Я согласился: роскошно. Спокойствие, с которым я усваивал все эти сведения, похоже, радовало Стива.

– Теперь еще кое-что, – сказал он. – Имеется две теории насчет того, по какой такой причине лучшие университеты Америки объединены названием "Лига Плюща", так? Согласно одной, дело все в том, что каждый выпускник Принстона сажал перед Нассау-Холлом росток плюща. Традиция прервалась уже в нашем столетии, году в сорок первом, когда плющом зарос весь фронтон Нассау. Так что нынче те, кто закончил учебу, сажают плющ под памятной табличкой своего выпуска, за домом. Отсюда и "Лига Плюща", понимаешь? Из-за плюща.

– Не лишено резона, – согласился я. – Однако ты сказал, что теорий две.

– Верно. Вторая гласит, что поначалу, в середине восемнадцатого века, существовали только Гарвард, Йель, Принстон и… еще один, Корнелл или Дармут, по-моему. Всего четыре университета. А римская четверка образуется из букв I и V, вот их и называли "университеты-IV". Ай-Ви, Ivy – плющ, понимаешь?

– Эта теория мне нравится больше, – поразмыслив, сказал я. – Ну а тот дом, в котором я нынче проснулся? Как его?

– А, Генри-Холл, это студенческое общежитие на западном краю кампуса, мы называем его "Трущобой".

– Трущобой?

– Ага, хотя вообще-то оно довольно красивое. "Трущобой" – потому что от центра кампуса, где находятся столовые старшекурсников, путь до него вовсе не близкий. Но место отличное, оттуда рукой подать до Университетской площади, где "Магазин Принстонского университета", до театра "Макартни" и рынка "Уова", симпатичный такой рыночек. А это, – Стив указал на нарядное оранжевое здание перед нами, – как раз и есть студенческий центр "Лужайка Ректора". Ребята тут часто тусуются. В "Ротонде" можно поесть, поиграть, ну и так далее. Не узнаешь?

Я почти не слушал его, потому что из дверей здания вышло нечто, вернее, вышел некто, мне уж точно знакомый. Один только вид его сдвинул в моей голове запор здоровенного шлюза, и в нее хлынуло сразу все, как при горячей загрузке ОЗУ Джонни Мнемоника.

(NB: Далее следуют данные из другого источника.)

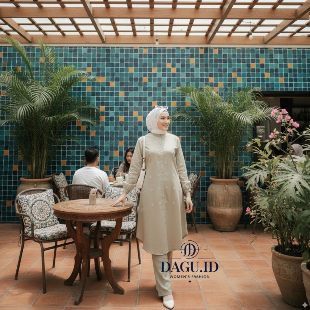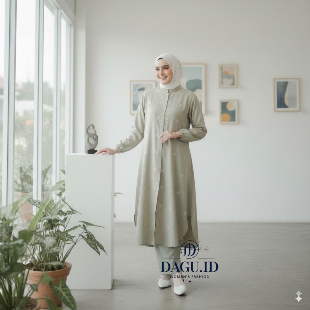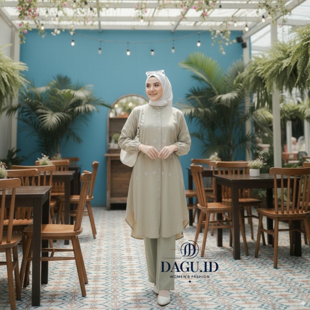 BIGMAXS Dagu - Baju Setelan Wanita Muslimah Jumbo Tunik Kancing Depan & Celana Bordir Modern

Джонни Мнемоник… Киану Ривз… Киану Янг, доктор хилософии… Джейн… оранжевые пилюльки… Ко мне возвратилось столько всего сразу, что я убоялся перегрузки памяти.

– Дважды Эдди! – завопил я. – Господи, Дважды Эдди!

Дважды Эдди бросил на меня один-единственный взгляд и оглянулся назад, словно решив, что я обращаюсь к кому-то другому.

Я рванулся к нему.

– Черт возьми! – задыхаясь, сказал я. – До чего же я рад тебя видеть! Ну как ты? Есть у тебя хоть какие-то соображения насчет того, что за чертовщина с нами творится?

Он тупо уставился на меня:

– Прошу прощения?

Я положил руку ему на плечо:

– Брось, Эдди, не придуривайся. Это ведь ты, так? Я знал, что ты где-то здесь.

Эдди перевел взгляд на торопливо приближавшегося к нам Стива.

– Слушай, Майки, нам бы лучше двигаться дальше, – сказал Стив.

– Я знаю этого парня, – ответил я. – Тебя же Дважды Эдди зовут, так?

Дважды Эдди покачал головой:

– Извини, друг. Меня зовут Томом.

Его американский выговор привел меня в бешенство.

– Нет! – Я с силой тряхнул его за плечо. – Пожалуйста, не надо так со мной. Ты Эдвард Эдвардс, я знаю!

– Эй, успокойся, ладно? Да, мое имя Эдвард Эдвардс. Эдвард Томас Эдвардс, но тебя я совсем не знаю.

Стив аккуратно снял мою руку с плеча Дважды Эдди. Я скорее почувствовал, чем увидел, как он подает Эдди какие-то знаки за моей спиной. Скорее всего, пальцем по лбу стучит. Извините, пожалуйста, моего чокнутого друга.

– Да, но когда ты был в Кембридже, – в отчаянии выпалил я, – тебя звали Дважды Эдди. А любовника твоего Джеймсом Макдонеллом. Вы поругались, я подобрал твои диски. Помнишь?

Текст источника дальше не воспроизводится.